There are several different types of behavior that are evident during bubbles. Investors usually exhibit overconfidence, leading to excessive trading and underestimating the risk involved.

Portfolios become concentrated, and investors reject contradictory information. Overconfidence is linked to the confirmation bias, in which investors look for evidence that confirms their beliefs and ignore evidence that contradicts their beliefs. Self-attribution bias is also present when investors take personal credit for the success of their trades.

Hindsight bias is present when the investor looks back at what happened and says, “I knew it all along.” Regret aversion is present when an investor does not want to regret missing out on all the gains everyone else seems to be enjoying.

The disposition effect is prevalent when investors are more willing to sell winners and hold onto losers, leading to the excessive trading of winning stocks.

Value vs. Growth

Two anomalies discussed by Fama and French are associated with the outperformance of value and growth stocks. Value stocks have low price-to-earnings ratios, high book-to-market values, and low price-to-dividend ratios, with growth stocks having the opposite characteristics.

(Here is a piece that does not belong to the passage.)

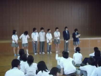 修学旅行実行委員の司会進行のもとに、校長先生からのおことば、

Other studies have offered behavioral explanations, identifying the value and growth anomalies as a mispricing rather than an adjustment for risk. 

In the halo effect, the investor transfers favorable company attributes into thinking that the stock is a good buy. This is a form of representativeness in which investors extrapolate past performance into future expected returns, leading growth stocks to become overvalued.

The home bias anomaly is one where investors favor investing in their domestic country as compared to foreign countries. This also pertains to companies that are located closer to the investor.